Shit happens

imagesShit happens. It’s one of those proverbial laws of nature. Given that, I’m not so sure why it always seems to knock us for a loop when it comes to pass. The truth is that we craft our lives in ways we think will allow us to bypass the shit nature inevitably is going to splatter all over us. Until we can’t. Until one day you meet the shit storm of your life and it confronts you, collides with you, commands your attention. And when that happens, you’re almost always naked, or wearing your crummiest pajamas and no make-up. But shit is not something you can ignore. There’s no room for denial on the day the facade crumbles. No euphemistic way to steer clear of the storm that threatens to destroy you and decimate your home and family.

I had a friend who used to say, “The only way through stuff like this is…through stuff like this. There’s no plane you can take to rise above it, no speeding locomotive through the beautiful countryside, not even a Vespa.” You have to walk your path, wherever it leads. I guess that’s the scariest part. Once you realize that all the planning, precision and platitudes aren’t worth a hill of beans, you can’t ever go back to the myth that you’re in control of your own destiny.

I wouldn’t go so far as to say it doesn’t matter how you play the game. It matters — a lot. But sometimes the rules change and you didn’t get a say in it. At that point, you can sit on the bench and opt out of playing altogether. But the better options seems to me to be to pull yourself up by your bootstraps, resolve to memorize the new handbook and go at life with a renewed vigor and determination to win that’ll prove to the world who you really are and just what you’re made of.

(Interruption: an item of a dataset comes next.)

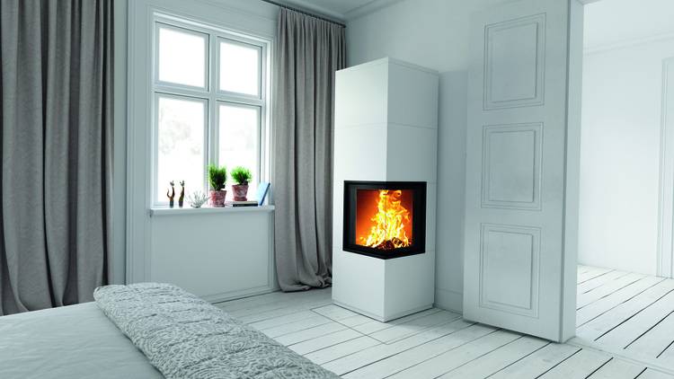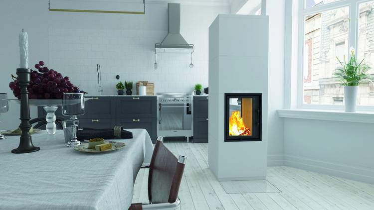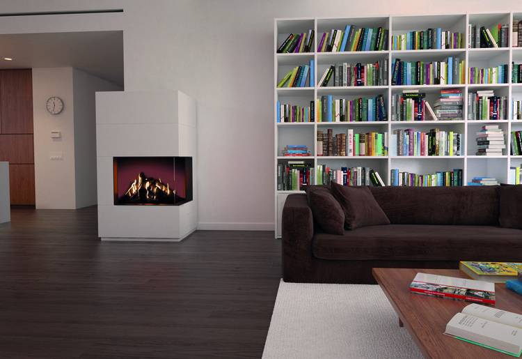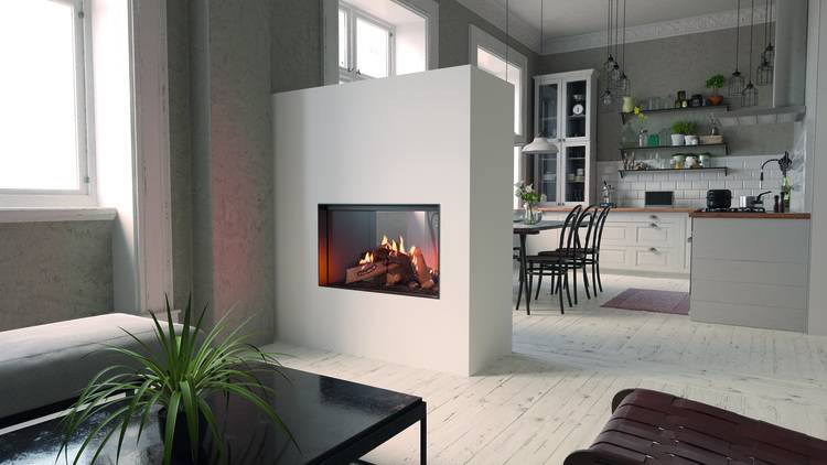 Der Gas-Kamineinsatz Lina G TV 87 von Camina & Schmid ermöglicht als Raumteiler eine Durchsicht von zwei Seiten.

So forgive me for sparing the details in this little diatribe. Suffice to know that we are regrouping, huddled tightly together as a family, and preparing to face the challenges and uncertainties of life’s fickle finger with bold, fearless persistence, tenacity and commitment.

It’s an adventure. As one of our newly proclaimed villains used to say, “We asked for a roller coaster. Life’s never going to be boring.”

With heartfelt gratitude to all for the love, support and positive energy.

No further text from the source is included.